Draw the locus of points which satisfy the equation (1) Draw the locus of points $(x,y)$ which satisfy the following equation.
$bx^{3}+y^{3}+x^{2}y+bxy^{2}-4abxy-2ab^{2}x^{2}-2ay^{2}+b\left( a^{2}b^{2}+a^{2}-1\right)x+\left( a^{2}b^{2}+a^{2}-1\right) y=0 $
(2) When the locus can be drawn with a single stroke, show the relation between $a$ and $b$.
Thank you very much :)
 A: This equation can be factorized like this:
$$
\big(b \!\cdot\! x + y\big)\big(x^2 + y^2 + a^2 \!\cdot\! b^2 + a^2  - 1 - 2 \!\cdot\! a \!\cdot\! (b\!\cdot\!x + y)\big) = 0
$$
So either 
$$
b \!\cdot\! x + y = 0 \label{1} \tag{1}
$$  or 
$$ x^2 + y^2 + a^2 \!\cdot\! b^2 + a^2  - 1 - 2 \!\cdot\! a \!\cdot\! (b\!\cdot\!x + y) = 0 \label{2}\tag{2}
$$
We can transform $\eqref{2}$
$$
(x - a\!\cdot\!b)^2 + (y - a)^2 = 1
$$
Therefore, in general case, the locus is the reunion between a line and a circle. 
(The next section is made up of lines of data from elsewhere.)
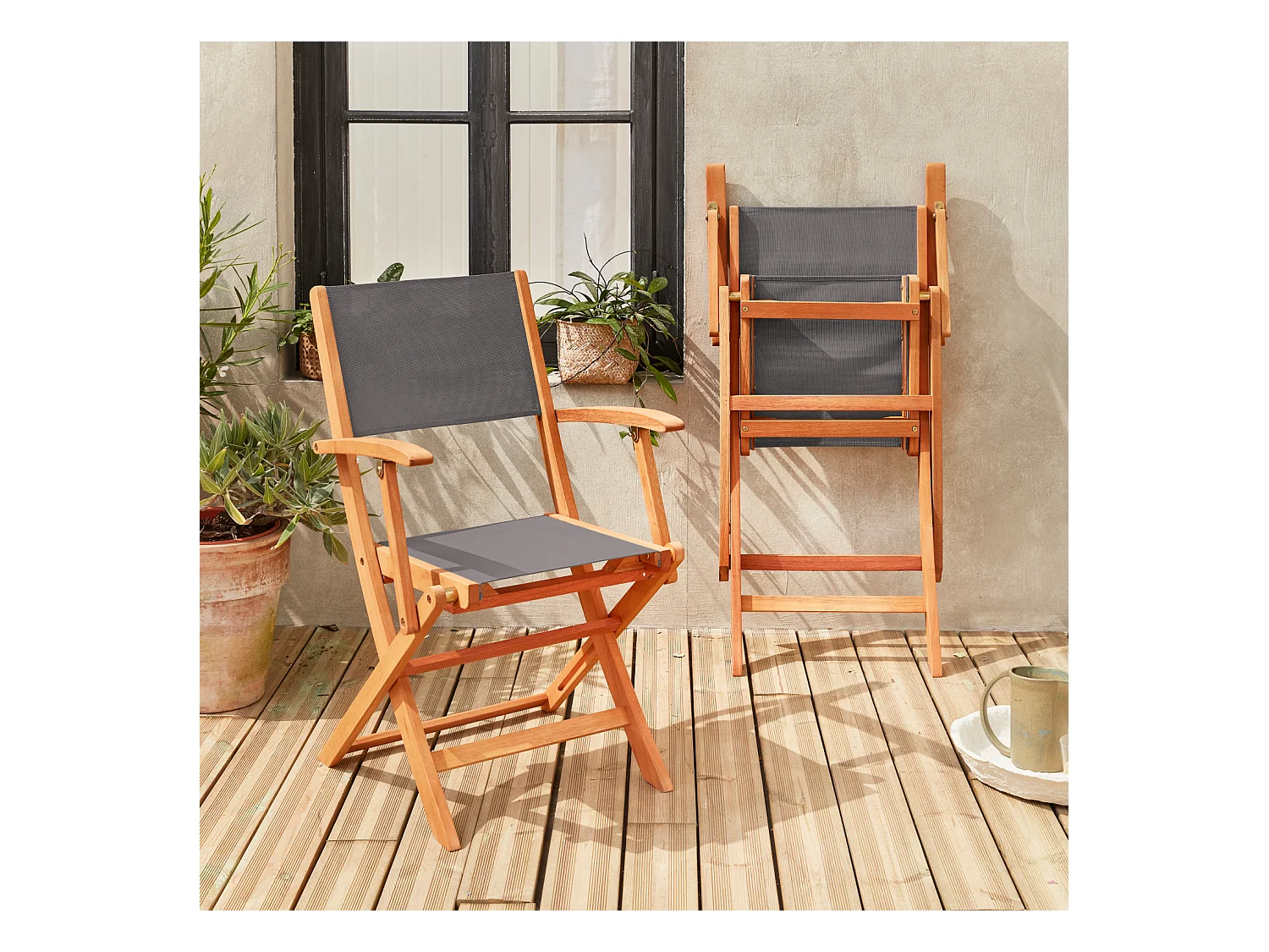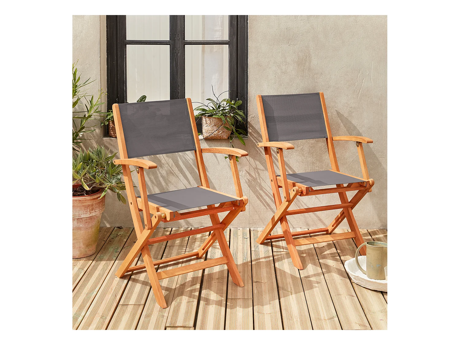 Silla de jardín plegable de madera de eucalipto, set de 2 antracita
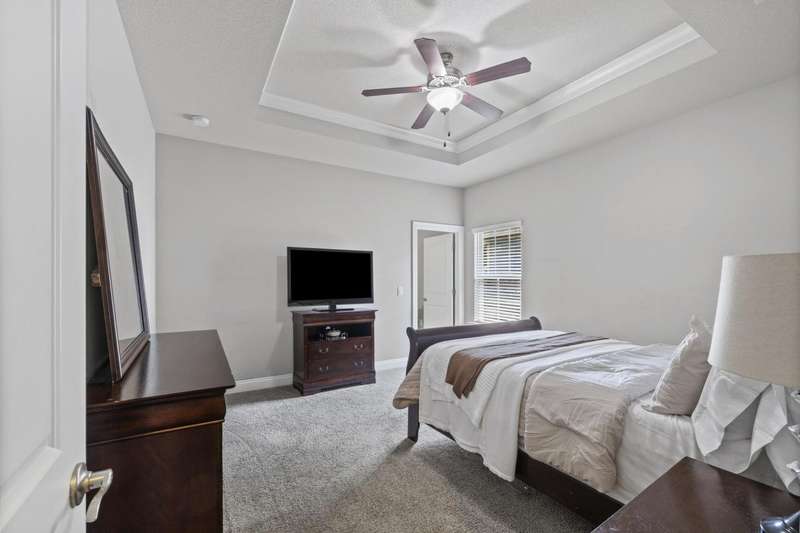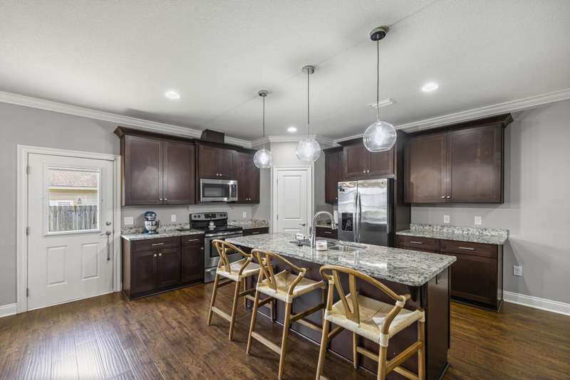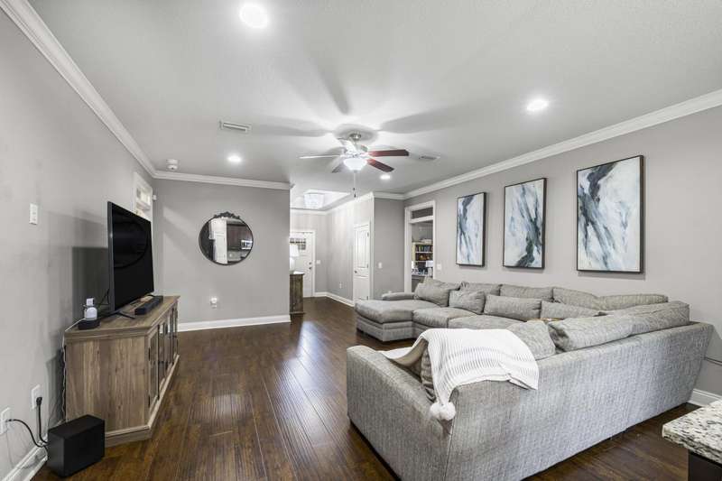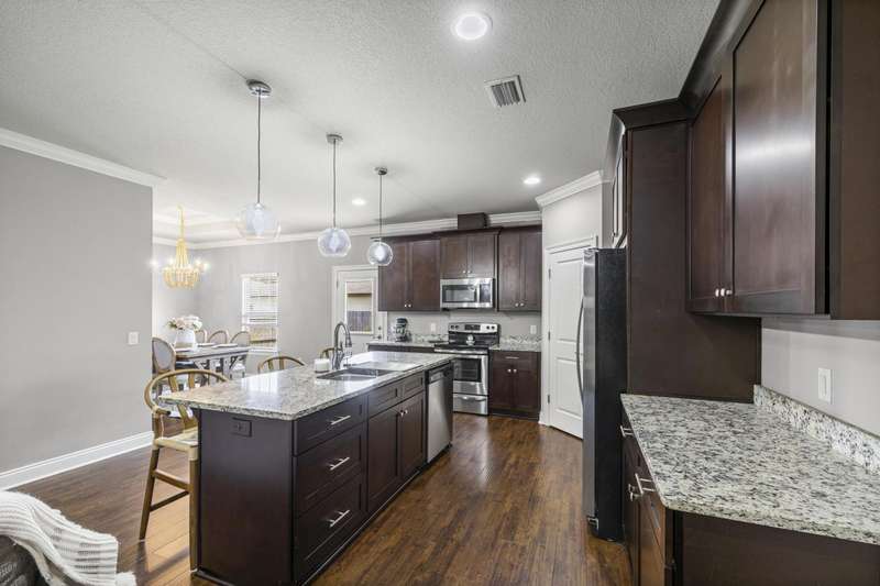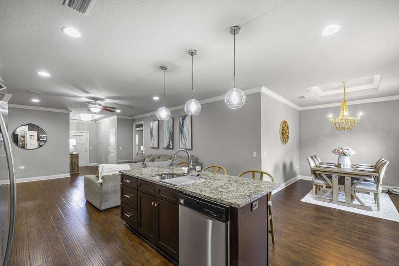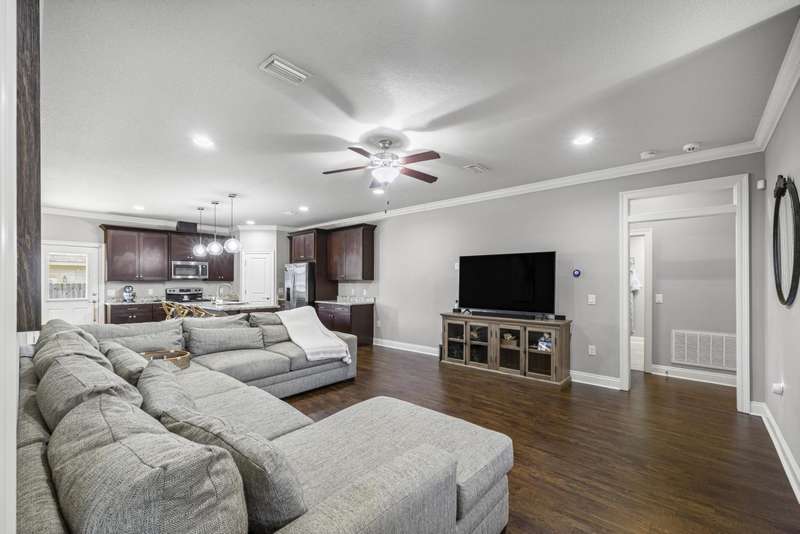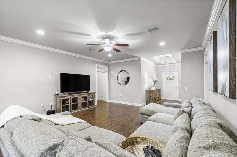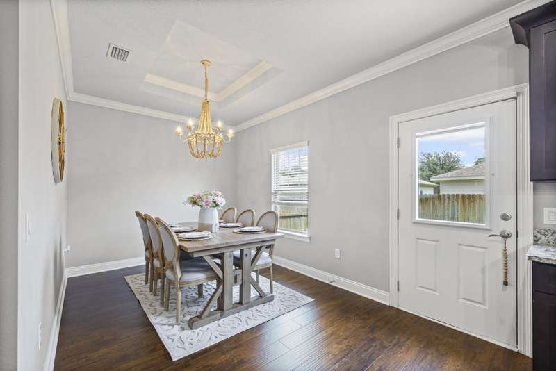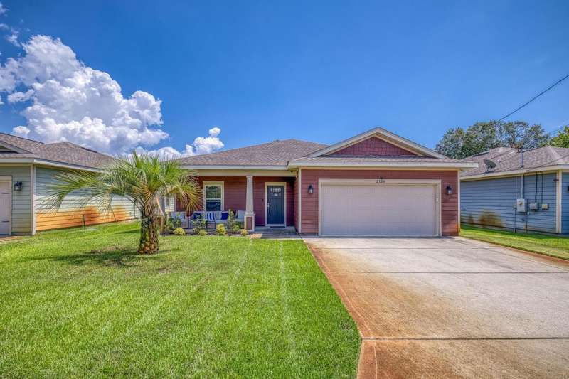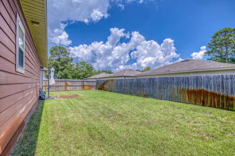 Move-in ready 3 bedroom, 2 bathroom single-family home with 1623 sq ft of living space. Built in 2015, this property offers No HOA and sits on a quiet street in Navarre. Inside you'll find an open floor plan with wood laminate flooring in the main living areas, neutral tile in the wet zones, and carpet in the bedrooms. The primary suite features a tray ceiling, custom walk-in closet with built-ins, and a private bath. Crown molding, wide baseboards, transom windows, and upgraded doors and hardware add detail throughout. The kitchen features granite countertops, stainless steel appliances, breakfast bar seating along with a separate dining room, plenty of cabinet space and a pantry. The exterior is clad in durable Hardie board with an architectural shingle roof. Outdoor features include a covered front porch, fenced backyard, sprinkler system, and two-car garage. Located in East Navarre close to Hurlburt Field, Eglin AFB, shopping, schools, dining, and the white sand beaches of Navarre.
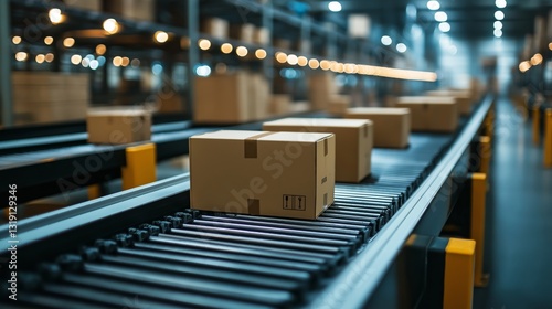 Automated conveyor belts transporting cardboard boxes in a warehouse setting
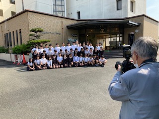 ?最後に宿舎前で記念写真です。「マスク取りなさい」と、強要しません。
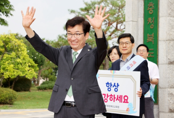 [뉴스서울] 윤건영 충청북도교육감은 2일 아침, 교육청 정문에서 출근하는 직원들을 대상으로 상호 존중과 청렴 홍보 캠페인을 진행하며 아침맞이 행사를 진행했다.
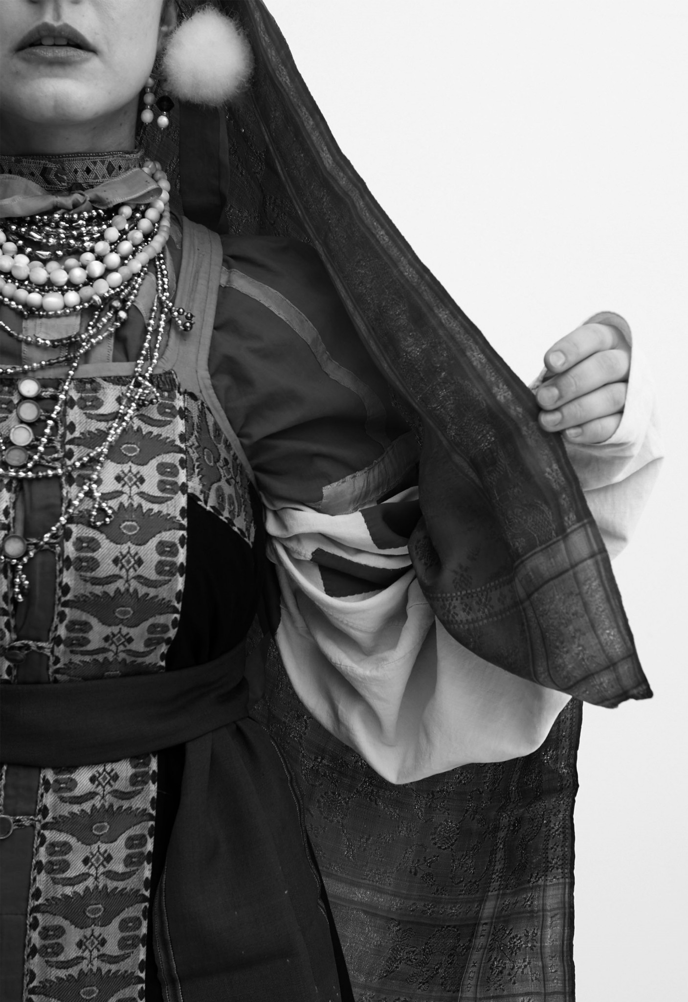 Первый язык народного костюма звучит громко, рассказывая о достатке и благополучии. Это культура престижа, без которой нельзя понять избыточную роскошь русских нарядов. По наряду жены судили о богатстве ее мужа, а одежда девушки позволяла представить достаток ее родителей и размер приданого. Восточные шелка, шитье золотом и жемчугом, драгоценные ювелирные украшения — все это находило свое место, подчиняясь сложившемуся канону. Такие предметы одежды, ставшие маркерами престижа, накапливались поколениями и пускались в ход тогда, когда нужно было произвести должное впечатление. Не ради бахвальства, а чтобы правильно устроить свою жизнь: девица на выданье наряжалась, чтобы хорошо выйти замуж, молодая жена — чтобы показать успешность новой семьи, а взрослая баба — чтобы найти достойные брачные партии детям. Если у девицы были старшие незамужние сестры, то даже это сообщалось в одежде, чтобы парни не спешили со сватовством раньше времени. Так складывались и не менялись веками статусные костюмы для особых случаев. Ну и по русской традиции всегда в костюме показывался не тот достаток, который есть, а тот, которого себе желали, — даже не самые богатые крестьяне одевались чуть сверх своих возможностей. И если престижного атрибута не хватало, не зазорно было его одолжить — правила игры понимали все, и порой невеста отправлялась под венец, собрав наряд по всему селу, но гордо заявляя, каким она представляет свое будущее благополучие.
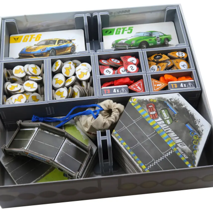 Органайзер для гри Rallyman: GT дозволить зберігати всі компоненти в повному порядку і позбавить від непотрібної витрати часу по розбору і сортуванню ігрових елементів.
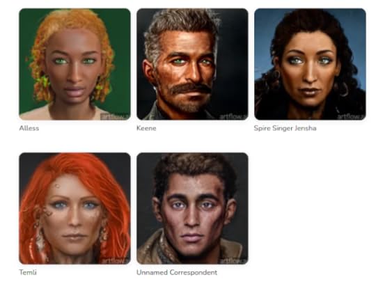 As Spire City: Occupied continues to be serialized on Vella, I've been playing around with the AI-generated characters from Artflow. Part of what makes it fun is that I never know how it will respond to the prompts I give, though that sometimes makes it frustrating as well... So here are my favorite results I got from the prompts I fed it. Are they exactly how I pictured them as I wrote the story? No. But I like seeing how the pictures come out, and there's something about these five that fits, even so.
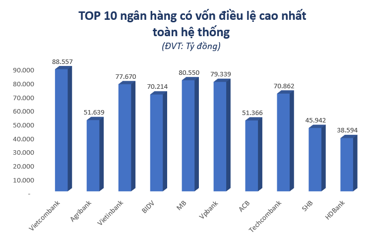 Sau khi tăng vốn, Vietinbank đứng thứ 4 trong top 10 ngân hàng có vốn điều lệ cao nhất toàn hệ thống. Đứng đầu là Vietcombank với 88.557 tỷ đồng, tiếp đến MB (80.550 tỷ đồng), VPBank (79.339 tỷ đồng), Vietinbank (77.670 tỷ đồng), Techcombank (70.862 tỷ đồng), BIDV (70.214 tỷ đồng), Agribank (51.639 tỷ đồng), ACB (51.366 tỷ đồng), SHB (45.942 tỷ đồng), HDBank (38.594 tỷ đồng).
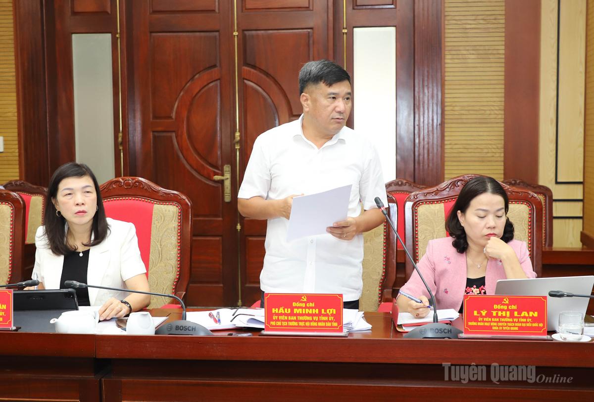 | Đồng chí Phó Chủ tịch Thường trực HĐND tỉnh Hầu Minh Lợi thảo luận tại hội nghị. |
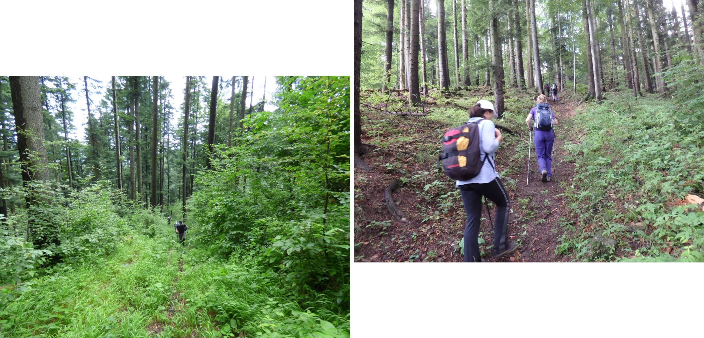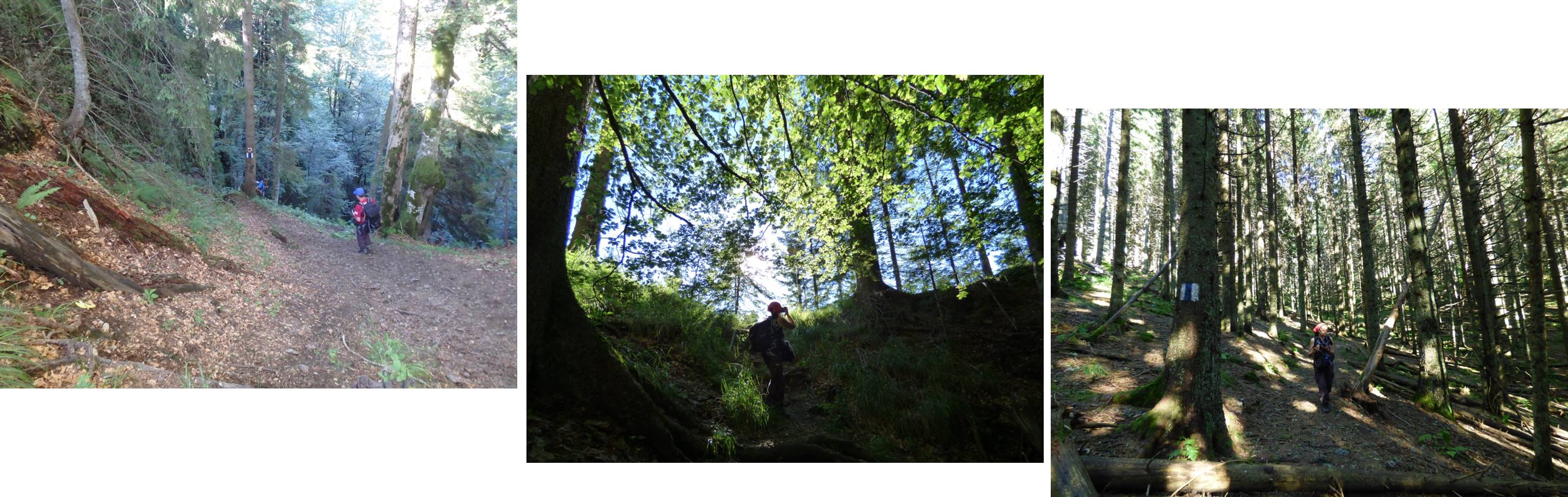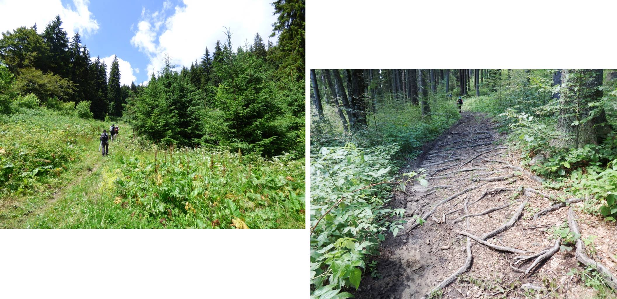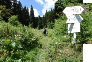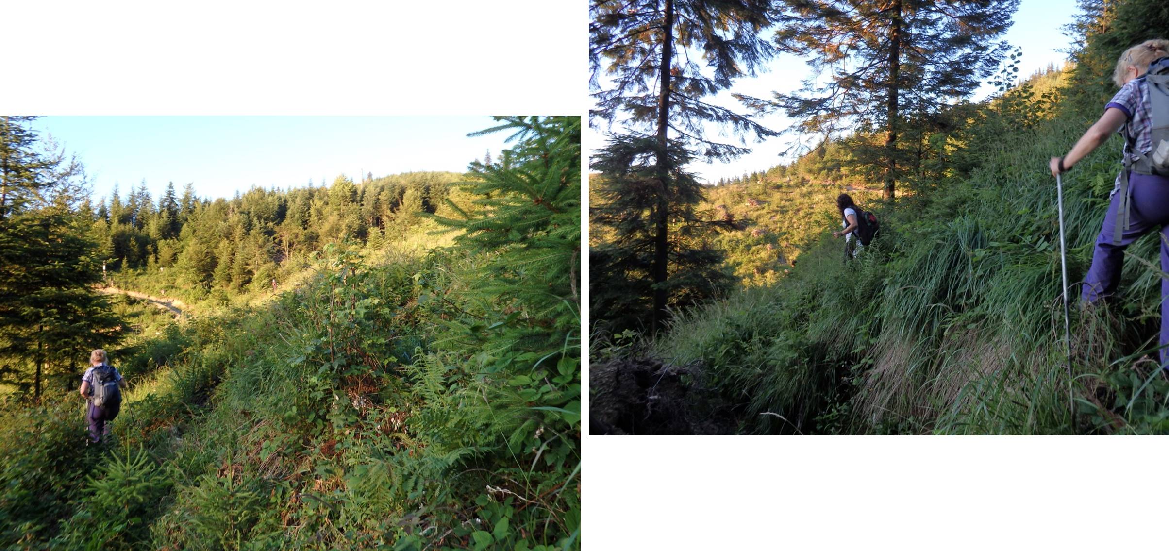 Urmele unui vechi drum de tractor ne conduc puțin în dreapta șeii unde întâlnim un vechi stâlp de marcaj; apoi încă unul, și încă unul și cărarea încă decelabilă prin încâlcitura de căzături, …

For this locus to be drawn with a single stroke all we can do is to force the equation $\eqref{1}$ not to give a line as solution, so $b = 0$ and the origin is on the circle, or force the line to intersect the circle. 
So, if $b = 0$ then the only solution for equation $\eqref{1}$ is $x = 0$, $y = 0$ (the origin). As I said, the one stroke condition implies the circle must contain the origin, so $a = 1$ or $a = -1$.
Now, if $b$ != $0$, then replacing $y = -b * x$ in equation $\eqref{2}$ will give us the relation between $a$ and $b$.